Figure 2: Melanin biosynthesis pathway. Abbreviations: DCT, Dopachrome tautomerase; DHI, 5,6-Dihydroxyindole; DHICA, DHI-2-carboxylic acid; DOPA, L-3,4-dihydroxyphenylalanine; TRP2, Tyrosinase related protein 2 (also known as DCT); TYR, Tyrosinase; TYRP1, Tyrosinase related protein 1 (also known as TRP1). In part, modified from: G.E. Costin, Decoding and modulating the color of human skin, TheCosmeticChemist.com, November 15, 2016.

Let us examine the intriguing story of the tiny, shy melanocyte at the crossroads of cultural politics of race, gender, and national attitudes of beauty and skin color. Today, the regimens of beauty include actives that do not drastically reduce the melanin content of the skin, but rather brighten the skin tone. Often a fine line separates the lightening of skin, which targets the reduction of pigmentation and focuses on producing an even skin tone, and the brightening of skin, which is directed to the restoration of vibrancy to the skin, with increased radiance and glow.
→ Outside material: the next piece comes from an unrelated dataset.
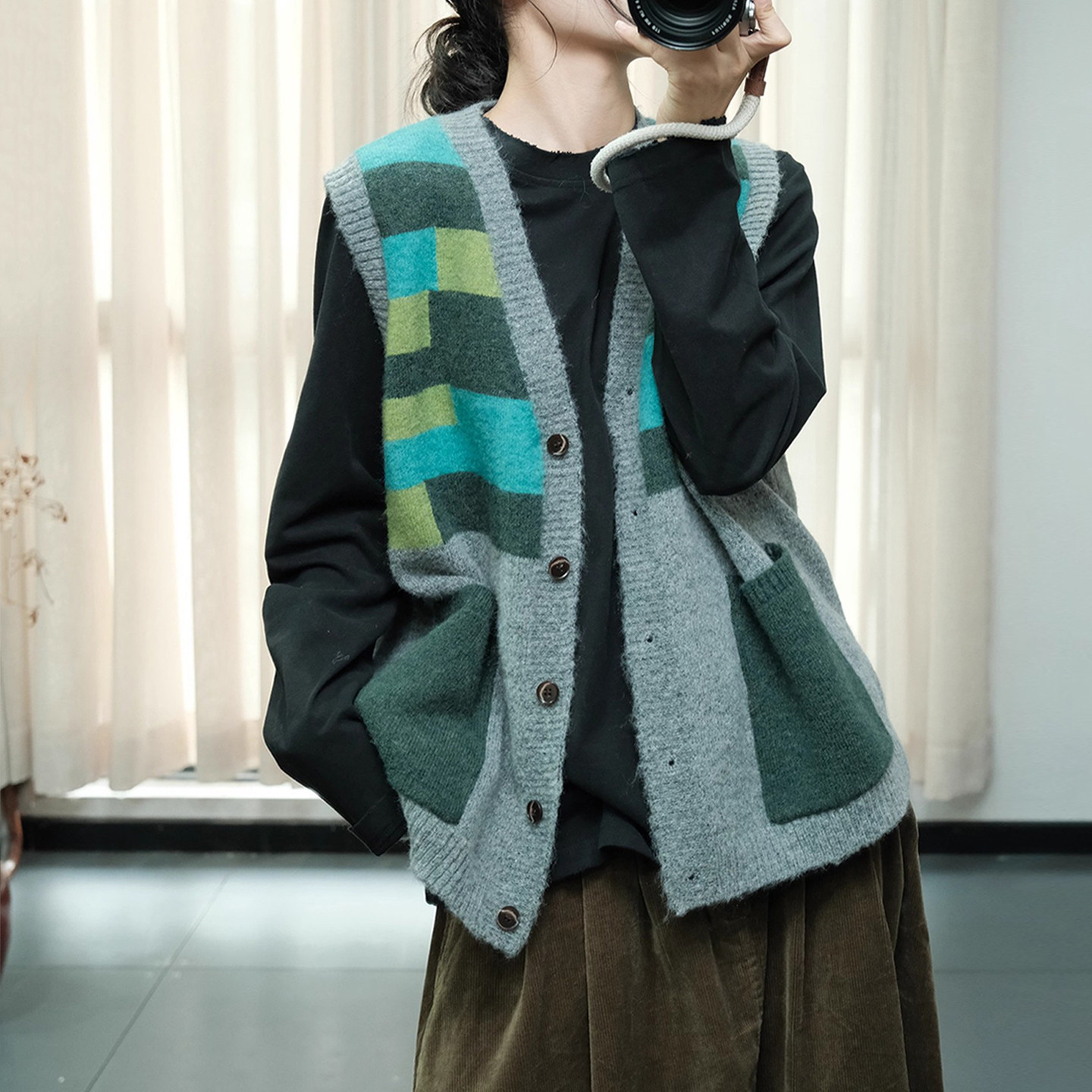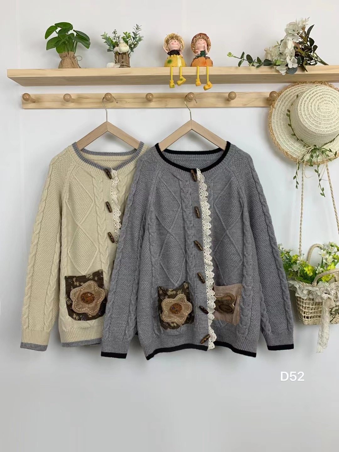森女系圆领菱形格蕾丝边门襟拼接拼布大口袋毛衣开衫宽大版外套女

Whichever may be the major consumer demand, the cosmetic industry finds itself in a race to innovate continuously while avoiding dramatic changes to skin’s homeostasis and addressing the needs of the consumer for green, organic products not tested on animals.
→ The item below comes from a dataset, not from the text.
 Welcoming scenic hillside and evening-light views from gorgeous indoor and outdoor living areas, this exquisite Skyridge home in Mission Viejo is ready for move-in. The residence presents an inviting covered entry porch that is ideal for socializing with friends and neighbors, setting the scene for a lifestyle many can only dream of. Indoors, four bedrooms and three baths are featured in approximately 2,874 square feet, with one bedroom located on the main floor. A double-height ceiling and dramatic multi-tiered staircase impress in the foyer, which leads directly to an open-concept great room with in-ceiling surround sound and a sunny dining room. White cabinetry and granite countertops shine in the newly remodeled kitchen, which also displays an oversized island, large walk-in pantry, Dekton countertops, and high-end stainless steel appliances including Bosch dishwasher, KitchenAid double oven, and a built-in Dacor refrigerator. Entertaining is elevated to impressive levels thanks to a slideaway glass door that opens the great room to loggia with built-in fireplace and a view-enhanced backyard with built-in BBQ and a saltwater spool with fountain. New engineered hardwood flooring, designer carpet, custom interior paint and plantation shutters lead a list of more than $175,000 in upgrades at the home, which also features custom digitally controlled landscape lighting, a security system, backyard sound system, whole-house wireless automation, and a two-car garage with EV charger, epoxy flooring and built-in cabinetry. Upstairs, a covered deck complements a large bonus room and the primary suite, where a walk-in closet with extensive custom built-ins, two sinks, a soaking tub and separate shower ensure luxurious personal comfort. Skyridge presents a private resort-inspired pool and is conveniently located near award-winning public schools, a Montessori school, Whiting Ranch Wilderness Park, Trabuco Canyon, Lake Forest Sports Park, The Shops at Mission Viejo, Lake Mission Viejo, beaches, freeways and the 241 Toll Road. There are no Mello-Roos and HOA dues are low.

In Questions of Race, Ethnicity, and Xenophobia
Color tone in certain cultures relates to hierarchies of race, gender, caste, and ethnicity, which may not be immediately obvious to an outside observer. But scientists recognize that this is a matter of numbers (of melanosomes), concentrations (of melanin), or mutations that impact the biosynthesis of the pigment. This may sound rather cynical, but the reality of skin tone resides in microliters, picograms, and length of melanocyte dendrites, to say the least. It might surprise some people, but despite differences in ethnic groups or skin phototype, the number of melanocytes is the same, just the amount and type of melanin produced differs and leads to the wide array of skin tones. The amount of melanin produced is dependent on genetic factors and on the exposure to ultraviolet (UV) light.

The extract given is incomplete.